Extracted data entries
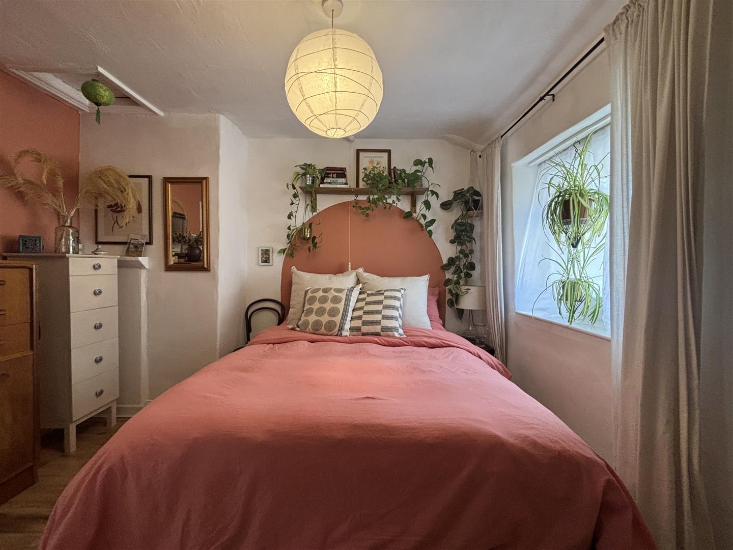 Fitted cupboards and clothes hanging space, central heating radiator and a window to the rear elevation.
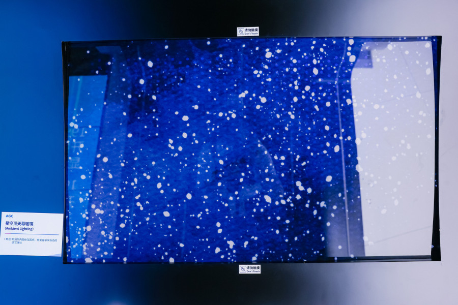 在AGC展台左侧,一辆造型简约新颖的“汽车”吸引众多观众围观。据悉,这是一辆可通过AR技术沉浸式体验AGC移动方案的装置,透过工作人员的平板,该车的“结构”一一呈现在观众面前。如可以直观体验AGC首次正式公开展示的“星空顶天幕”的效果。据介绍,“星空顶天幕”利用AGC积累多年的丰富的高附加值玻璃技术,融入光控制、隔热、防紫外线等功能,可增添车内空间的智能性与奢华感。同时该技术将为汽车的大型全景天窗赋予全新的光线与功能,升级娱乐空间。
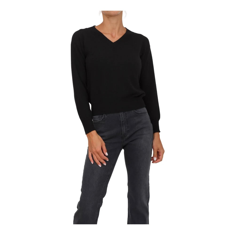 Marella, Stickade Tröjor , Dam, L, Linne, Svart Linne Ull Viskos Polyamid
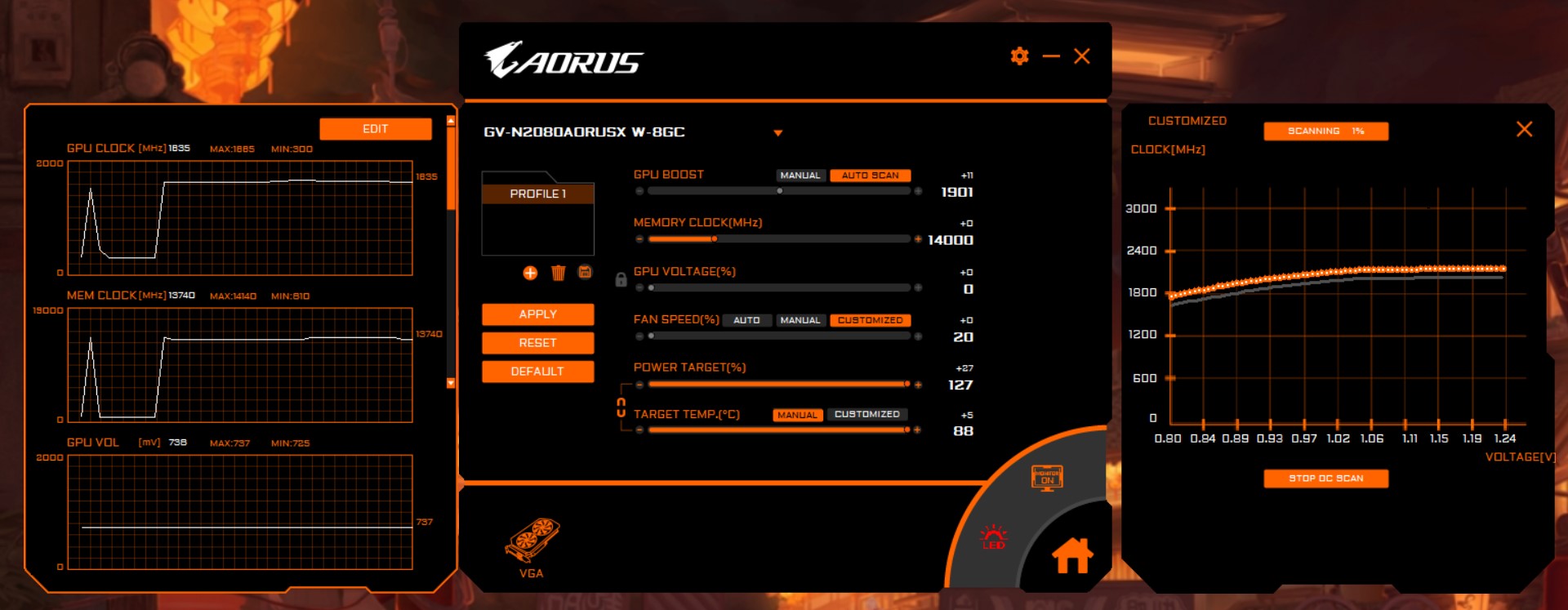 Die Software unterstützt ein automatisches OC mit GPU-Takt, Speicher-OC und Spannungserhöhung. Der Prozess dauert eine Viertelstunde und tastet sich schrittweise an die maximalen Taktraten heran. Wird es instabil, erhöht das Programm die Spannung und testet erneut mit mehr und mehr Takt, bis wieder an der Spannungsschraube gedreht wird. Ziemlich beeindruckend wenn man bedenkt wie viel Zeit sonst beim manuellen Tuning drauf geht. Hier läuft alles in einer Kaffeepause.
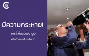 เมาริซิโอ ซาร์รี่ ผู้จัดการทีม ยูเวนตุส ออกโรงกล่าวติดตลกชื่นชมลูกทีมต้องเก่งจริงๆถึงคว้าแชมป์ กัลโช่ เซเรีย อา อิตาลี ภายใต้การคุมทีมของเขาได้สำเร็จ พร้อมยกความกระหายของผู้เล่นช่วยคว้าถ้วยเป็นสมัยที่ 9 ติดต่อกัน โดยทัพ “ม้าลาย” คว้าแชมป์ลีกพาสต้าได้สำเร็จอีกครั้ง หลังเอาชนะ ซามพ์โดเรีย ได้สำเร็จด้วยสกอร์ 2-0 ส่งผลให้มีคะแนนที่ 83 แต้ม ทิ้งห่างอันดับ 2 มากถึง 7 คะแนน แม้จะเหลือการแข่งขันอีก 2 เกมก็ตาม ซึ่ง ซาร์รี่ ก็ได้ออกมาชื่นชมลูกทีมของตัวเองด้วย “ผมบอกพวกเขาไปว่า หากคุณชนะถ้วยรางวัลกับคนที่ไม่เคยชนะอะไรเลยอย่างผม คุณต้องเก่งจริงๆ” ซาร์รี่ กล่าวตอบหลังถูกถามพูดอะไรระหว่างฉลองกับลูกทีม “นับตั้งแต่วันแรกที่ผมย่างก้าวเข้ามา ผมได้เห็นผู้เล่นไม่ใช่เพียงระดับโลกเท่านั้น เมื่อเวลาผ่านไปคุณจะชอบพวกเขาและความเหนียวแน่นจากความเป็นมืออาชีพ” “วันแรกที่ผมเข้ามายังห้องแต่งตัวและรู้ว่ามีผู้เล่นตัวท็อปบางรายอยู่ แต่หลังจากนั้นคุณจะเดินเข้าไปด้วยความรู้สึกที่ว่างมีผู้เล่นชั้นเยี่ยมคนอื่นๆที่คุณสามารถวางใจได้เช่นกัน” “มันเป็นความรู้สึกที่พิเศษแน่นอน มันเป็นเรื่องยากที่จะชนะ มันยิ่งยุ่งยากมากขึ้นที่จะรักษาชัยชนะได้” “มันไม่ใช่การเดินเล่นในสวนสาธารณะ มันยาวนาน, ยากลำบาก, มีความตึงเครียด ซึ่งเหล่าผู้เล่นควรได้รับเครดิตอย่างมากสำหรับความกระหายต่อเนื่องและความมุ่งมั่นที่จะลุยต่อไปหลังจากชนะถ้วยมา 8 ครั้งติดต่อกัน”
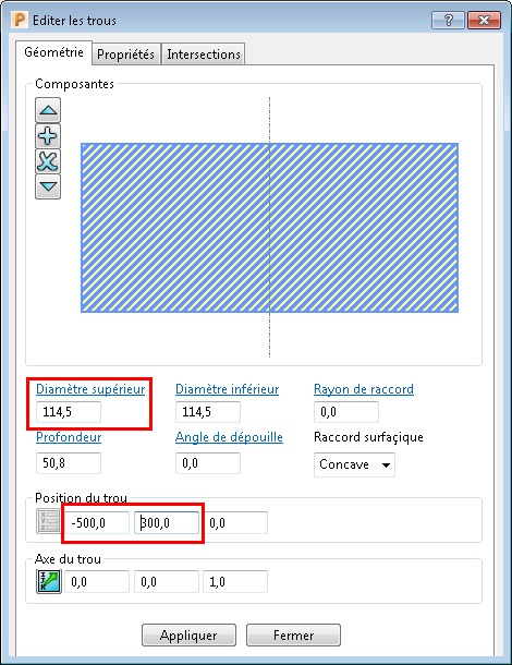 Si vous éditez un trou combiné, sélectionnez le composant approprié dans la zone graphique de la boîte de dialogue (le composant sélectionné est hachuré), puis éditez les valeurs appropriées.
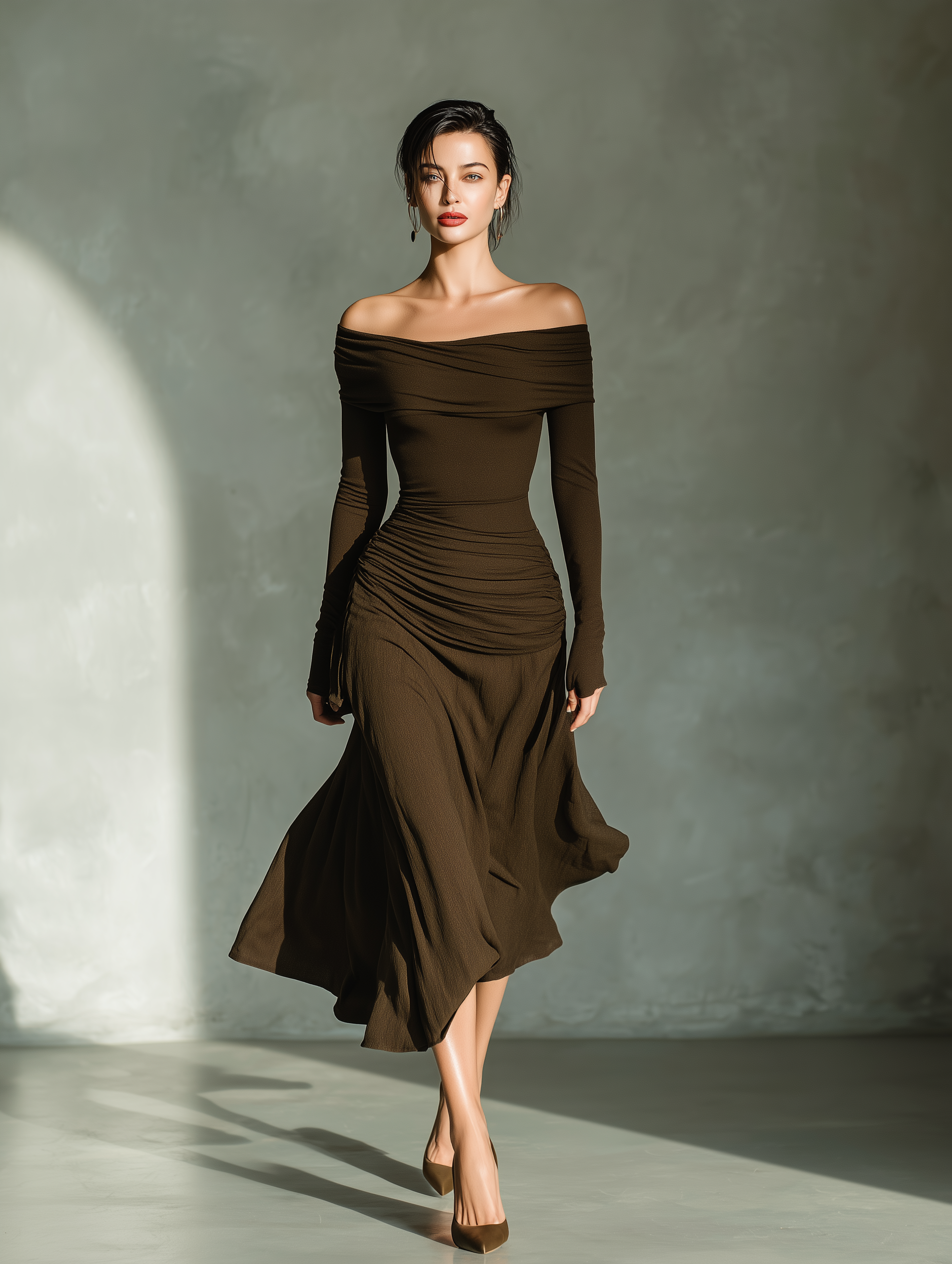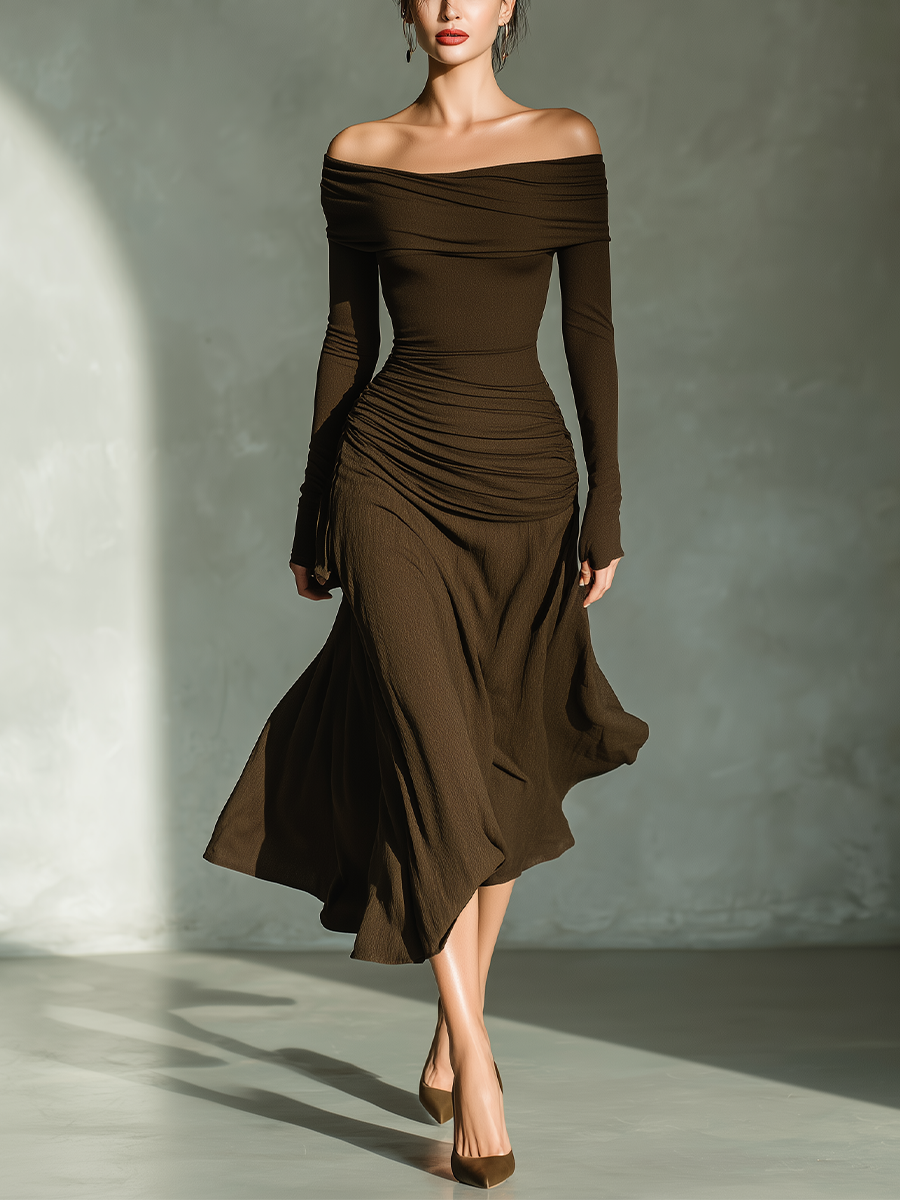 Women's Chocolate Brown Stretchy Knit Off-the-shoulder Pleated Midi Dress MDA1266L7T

WORK REQUIRED: Each line above should be set down exactly as written, with pictures excluded.

RESPONSE TO THE TASK:
 Fitted cupboards and clothes hanging space, central heating radiator and a window to the rear elevation.
 在AGC展台左侧,一辆造型简约新颖的“汽车”吸引众多观众围观。据悉,这是一辆可通过AR技术沉浸式体验AGC移动方案的装置,透过工作人员的平板,该车的“结构”一一呈现在观众面前。如可以直观体验AGC首次正式公开展示的“星空顶天幕”的效果。据介绍,“星空顶天幕”利用AGC积累多年的丰富的高附加值玻璃技术,融入光控制、隔热、防紫外线等功能,可增添车内空间的智能性与奢华感。同时该技术将为汽车的大型全景天窗赋予全新的光线与功能,升级娱乐空间。
 Marella, Stickade Tröjor , Dam, L, Linne, Svart Linne Ull Viskos Polyamid
 Die Software unterstützt ein automatisches OC mit GPU-Takt, Speicher-OC und Spannungserhöhung. Der Prozess dauert eine Viertelstunde und tastet sich schrittweise an die maximalen Taktraten heran. Wird es instabil, erhöht das Programm die Spannung und testet erneut mit mehr und mehr Takt, bis wieder an der Spannungsschraube gedreht wird. Ziemlich beeindruckend wenn man bedenkt wie viel Zeit sonst beim manuellen Tuning drauf geht. Hier läuft alles in einer Kaffeepause.
 เมาริซิโอ ซาร์รี่ ผู้จัดการทีม ยูเวนตุส ออกโรงกล่าวติดตลกชื่นชมลูกทีมต้องเก่งจริงๆถึงคว้าแชมป์ กัลโช่ เซเรีย อา อิตาลี ภายใต้การคุมทีมของเขาได้สำเร็จ พร้อมยกความกระหายของผู้เล่นช่วยคว้าถ้วยเป็นสมัยที่ 9 ติดต่อกัน โดยทัพ “ม้าลาย” คว้าแชมป์ลีกพาสต้าได้สำเร็จอีกครั้ง หลังเอาชนะ ซามพ์โดเรีย ได้สำเร็จด้วยสกอร์ 2-0 ส่งผลให้มีคะแนนที่ 83 แต้ม ทิ้งห่างอันดับ 2 มากถึง 7 คะแนน แม้จะเหลือการแข่งขันอีก 2 เกมก็ตาม ซึ่ง ซาร์รี่ ก็ได้ออกมาชื่นชมลูกทีมของตัวเองด้วย “ผมบอกพวกเขาไปว่า หากคุณชนะถ้วยรางวัลกับคนที่ไม่เคยชนะอะไรเลยอย่างผม คุณต้องเก่งจริงๆ” ซาร์รี่ กล่าวตอบหลังถูกถามพูดอะไรระหว่างฉลองกับลูกทีม “นับตั้งแต่วันแรกที่ผมย่างก้าวเข้ามา ผมได้เห็นผู้เล่นไม่ใช่เพียงระดับโลกเท่านั้น เมื่อเวลาผ่านไปคุณจะชอบพวกเขาและความเหนียวแน่นจากความเป็นมืออาชีพ” “วันแรกที่ผมเข้ามายังห้องแต่งตัวและรู้ว่ามีผู้เล่นตัวท็อปบางรายอยู่ แต่หลังจากนั้นคุณจะเดินเข้าไปด้วยความรู้สึกที่ว่างมีผู้เล่นชั้นเยี่ยมคนอื่นๆที่คุณสามารถวางใจได้เช่นกัน” “มันเป็นความรู้สึกที่พิเศษแน่นอน มันเป็นเรื่องยากที่จะชนะ มันยิ่งยุ่งยากมากขึ้นที่จะรักษาชัยชนะได้” “มันไม่ใช่การเดินเล่นในสวนสาธารณะ มันยาวนาน, ยากลำบาก, มีความตึงเครียด ซึ่งเหล่าผู้เล่นควรได้รับเครดิตอย่างมากสำหรับความกระหายต่อเนื่องและความมุ่งมั่นที่จะลุยต่อไปหลังจากชนะถ้วยมา 8 ครั้งติดต่อกัน”
 Si vous éditez un trou combiné, sélectionnez le composant approprié dans la zone graphique de la boîte de dialogue (le composant sélectionné est hachuré), puis éditez les valeurs appropriées.
 Women's Chocolate Brown Stretchy Knit Off-the-shoulder Pleated Midi Dress MDA1266L7T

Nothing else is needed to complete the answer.